This site is built to inspire small businesses, to start, to improve their marketing, to think differently about their offerings, and become a powerful force for the economy, the owners and the workers.
One difference between big business and small business is that big business is amoral. The market forces are too large for it to be. Which is an opportunity, a chance for small business to differentiate based on morality, something we’ve already seen happen in things like small farms and how they raise animals.
In big business, one company may want to pay their employees 50% more than the competition, but if they do that and raise their prices, they lose market share and go out of business. Now those employees are gone anyway. A temporary boost, and then nothing. Their competitor who didn’t raise salaries stays in business, and some of the employees out of work go over there to the same level of salaries they had, some are just out of luck.

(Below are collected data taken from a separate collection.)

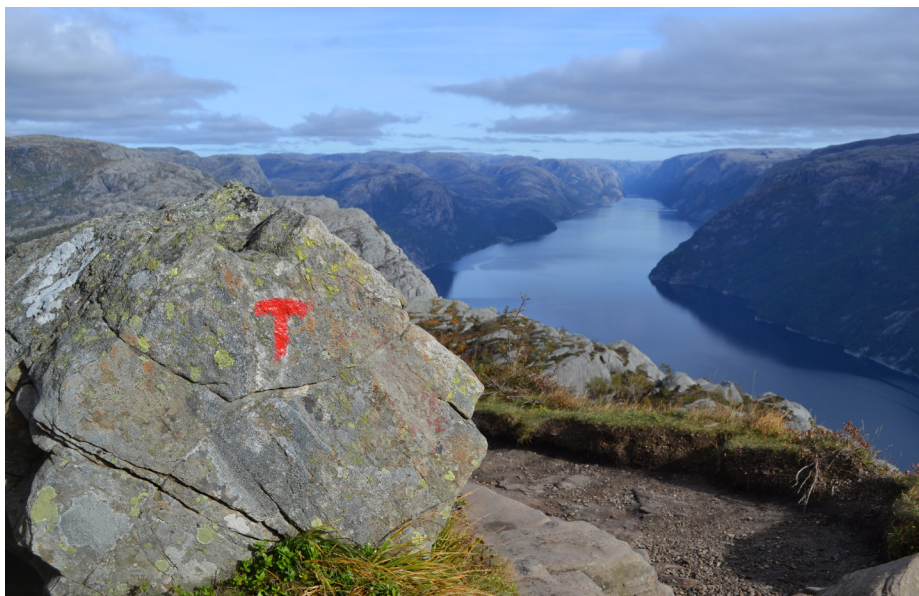
Preikestolen ser innover mot Lysefjorden.
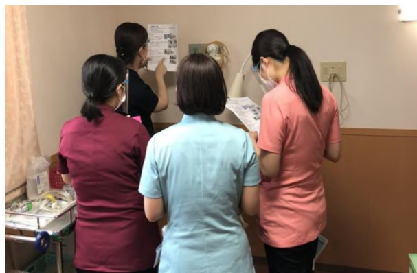
吸引についての講義中

5月・6月は4月と比較し、患者さんへの侵襲がある看護技術について研修を行いました。より患者さんの安心・安全・安楽に繋がる援助ができるよう、頑張っていきたいと思います！ 研修お疲れ様でした^^
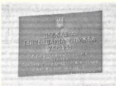
Вывеска на входе в женскую колонию № 54

Я сказал, что фактически он был приговорен к пожизненному заключению, на что он с согласием кивнул в ответ. Что он потом будет делать дальше, поинтересовался я. Жить, ответил он, просто свободно жить и только.
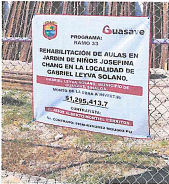
BANER ALUSIVO AL PROYECTO INCLUYE: LONA( BANER DE SECCION 1.00 X 1.00)

One could argue that the second CEO who didn’t want to raise salaries was immoral. That’s fair, but he also could make the case he was protecting his entire company by gaining market share. There is almost always an argument of protecting your workers job by staying healthy, so it’s easier to just assume amorality.
That leaves the government to enforce laws and morality into the decisions. Don’t use slave labor in your supply chain. Don’t pay people less than a living wage. How to set working conditions, etc. The problem here is that this grants people authority and direct power.
The alternative is to create powerful small businesses. Ones that learn how to not compete on price. Ones with a healthy bottom line. Ones that can pay their employees more than minimum wage. Ones that shape the world in the way they see it should be. Ones that not only build things, but live according to their morals.